E.g.: if you have a time series with SI-unit J (Joule), and apply the .derivative() function, the resulting time-unit will accordingly be J/s (Joule pr second), e.g. W (Watt).
show_values('Daily derivative forward', ts_stairs_avg.derivative(d_forward)*(HOUR*24))
#Daily derivative forward:
# [24. 24. 24. 24. 24. 24. 0.]
show_values('Daily derivative backward', ts_stairs_avg.derivative(d_backward)*(HOUR*24))
#Daily derivative backward:
# [ 0. 24. 24. 24. 24. 24. 24.]
show_values('Daily derivative center', ts_stairs_avg.derivative(d_center)*(HOUR*24))
#Daily derivative center:
# [12. 24. 24. 24. 24. 24. 12.]
Integral
We can integrate a time series over a specified time axis. As for the average function, it works with the non-nan section of each interval of the time axis.

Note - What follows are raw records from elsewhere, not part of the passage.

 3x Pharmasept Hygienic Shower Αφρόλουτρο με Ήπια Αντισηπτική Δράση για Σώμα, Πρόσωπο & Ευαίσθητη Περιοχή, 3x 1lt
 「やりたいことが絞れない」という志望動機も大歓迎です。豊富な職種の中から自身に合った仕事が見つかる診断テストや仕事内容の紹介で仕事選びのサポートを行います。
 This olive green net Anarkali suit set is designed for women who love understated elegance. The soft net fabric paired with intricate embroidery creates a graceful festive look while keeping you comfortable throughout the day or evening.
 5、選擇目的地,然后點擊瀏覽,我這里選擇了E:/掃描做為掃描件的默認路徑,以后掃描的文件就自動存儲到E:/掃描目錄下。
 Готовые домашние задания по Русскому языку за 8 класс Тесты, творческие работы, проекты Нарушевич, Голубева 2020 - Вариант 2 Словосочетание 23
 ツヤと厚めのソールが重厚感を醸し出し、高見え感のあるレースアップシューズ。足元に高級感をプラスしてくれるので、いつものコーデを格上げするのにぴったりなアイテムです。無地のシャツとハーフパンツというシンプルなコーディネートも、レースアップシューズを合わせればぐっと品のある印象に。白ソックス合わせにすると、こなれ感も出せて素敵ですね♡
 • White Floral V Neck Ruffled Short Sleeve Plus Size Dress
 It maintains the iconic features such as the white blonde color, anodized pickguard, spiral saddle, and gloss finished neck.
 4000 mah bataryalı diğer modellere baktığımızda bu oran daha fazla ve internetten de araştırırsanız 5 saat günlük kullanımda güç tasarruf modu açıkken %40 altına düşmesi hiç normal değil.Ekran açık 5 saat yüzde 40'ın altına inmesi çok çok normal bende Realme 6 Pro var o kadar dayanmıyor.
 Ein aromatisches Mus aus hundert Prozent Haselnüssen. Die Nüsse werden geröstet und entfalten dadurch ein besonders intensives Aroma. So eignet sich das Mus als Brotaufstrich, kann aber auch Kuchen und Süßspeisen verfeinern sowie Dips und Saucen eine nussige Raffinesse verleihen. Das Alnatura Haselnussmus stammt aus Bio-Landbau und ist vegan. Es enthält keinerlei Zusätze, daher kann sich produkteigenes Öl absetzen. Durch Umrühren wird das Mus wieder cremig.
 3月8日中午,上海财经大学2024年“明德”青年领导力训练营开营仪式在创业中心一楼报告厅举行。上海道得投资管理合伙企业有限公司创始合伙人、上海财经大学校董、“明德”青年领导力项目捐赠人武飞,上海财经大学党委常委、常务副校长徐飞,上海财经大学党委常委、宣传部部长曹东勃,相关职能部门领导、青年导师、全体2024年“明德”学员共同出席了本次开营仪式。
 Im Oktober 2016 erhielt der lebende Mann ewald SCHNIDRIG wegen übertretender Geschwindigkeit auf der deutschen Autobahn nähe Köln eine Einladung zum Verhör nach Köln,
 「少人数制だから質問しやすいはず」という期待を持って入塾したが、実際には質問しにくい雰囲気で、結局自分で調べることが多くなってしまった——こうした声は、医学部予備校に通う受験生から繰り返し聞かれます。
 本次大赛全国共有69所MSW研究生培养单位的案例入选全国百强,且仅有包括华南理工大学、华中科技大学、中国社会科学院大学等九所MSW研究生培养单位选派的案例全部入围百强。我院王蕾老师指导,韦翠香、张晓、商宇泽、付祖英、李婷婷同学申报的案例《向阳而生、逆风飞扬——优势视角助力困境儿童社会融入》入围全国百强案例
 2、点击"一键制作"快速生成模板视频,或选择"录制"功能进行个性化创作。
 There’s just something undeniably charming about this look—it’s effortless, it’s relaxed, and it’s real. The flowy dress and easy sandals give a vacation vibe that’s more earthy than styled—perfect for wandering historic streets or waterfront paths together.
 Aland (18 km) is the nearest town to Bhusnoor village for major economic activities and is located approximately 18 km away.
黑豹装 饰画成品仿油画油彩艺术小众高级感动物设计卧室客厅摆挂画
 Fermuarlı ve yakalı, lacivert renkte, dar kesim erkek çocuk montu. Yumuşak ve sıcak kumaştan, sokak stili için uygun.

show_values('Daily integral', ts_stairs.integral(ta=ta_daily)/(HOUR*24))
#Daily integral:
# [ 11.5 35.5 59.5 83.5 107.5 131.5 155.5]
Statistics
With the statistics function we can directly get the different percentiles over a specified time axis.
show_values('Daily 10 percentile', ts_linear.statistics(ta=ta_daily, p=10))
#Daily 10 percentile:
# [ 2.3 26.3 50.3 74.3 98.3 122.3 146.3]
show_values('Daily 50 percentile', ts_linear.statistics(ta=ta_daily, p=50))
#Daily 50 percentile:
# [ 11.5 35.5 59.5 83.5 107.5 131.5 155.5]
show_values('Daily 90 percentile', ts_linear.statistics(ta=ta_daily, p=90))
#Daily 90 percentile:
# [ 20.7 44.7 68.7 92.7 116.7 140.7 164.7]
Utility functions
Here is a small collection of helpful functions when manipulating or extracting information from time series.
Inside
This function creates a new time series with values where it is either inside or outside a
defined range. We can set the minimum and maximum value of the range, the value it should use where
it meets NaN
, and also the values to set where it is inside or outside the range.
By default NaN
will continue to be NaN
, inside range will be 1 and outside range 0.
t0 = time('2021-01-01T00:00:00Z')
ta = TimeAxis(start=t0, delta_t=HOUR, n=10)
values = [i*10 for i in range(ta.size())]
ts = TimeSeries(ta=ta, values=values, point_fx=linear)
show_values('Smaller than 50', ts.inside(min_v=float('nan'), max_v=50))
#Smaller than 50:
# [1. 1. 1. 1. 1. 0. 0. 0. 0. 0.]
show_values('Larger than 50', ts.inside(min_v=50, max_v=float('nan')))
#Larger than 50:
# [0. 0. 0. 0. 0. 1. 1. 1. 1. 1.]
To have no upper or lower limit we set the min_v
or max_v
to NaN
.
show_values('Between 25 and 65', ts.inside(min_v=25, max_v=65, inside_v=10, outside_v=20))
#Between 25 and 65:
# [20. 20. 20. 10. 10. 10. 10. 20. 20. 20.]
Here we check if values are inside the range 25-65 and set map inside values to 10 and outside values to 20.
Max/min
These function returns a new time series with filled in values of whichever value that is maximum/minimum of the input value or value in the time series.
show_values('Max of 40', ts.max(number=40))
#Max of 40:
# [40. 40. 40. 40. 40. 50. 60. 70. 80. 90.]
show_values('Min of 40', ts.min(number=40))
#Min of 40:
# [ 0. 10. 20. 30. 40. 40. 40. 40. 40. 40.]
Time shift
This function shifts the values forward or backward in time on the basis of a dt
.
It moves forward for positive time step and backwards for negative time step.
ts_hour_shift = ts.time_shift(HOUR)
show_values('Shifted time series', ts_hour_shift)
#Shifted time series:
# [ 0. 10. 20. 30. 40. 50. 60. 70. 80. 90.]
print(ts.time_axis)
#TimeAxis('2021-01-01T00:00:00Z', 3600s, 10)
print(ts_hour_shift.time_axis)
#TimeAxis('2021-01-01T01:00:00Z', 3600s, 10)
As we can see here the values stay the same, but the time axis has been shifted an hour forward.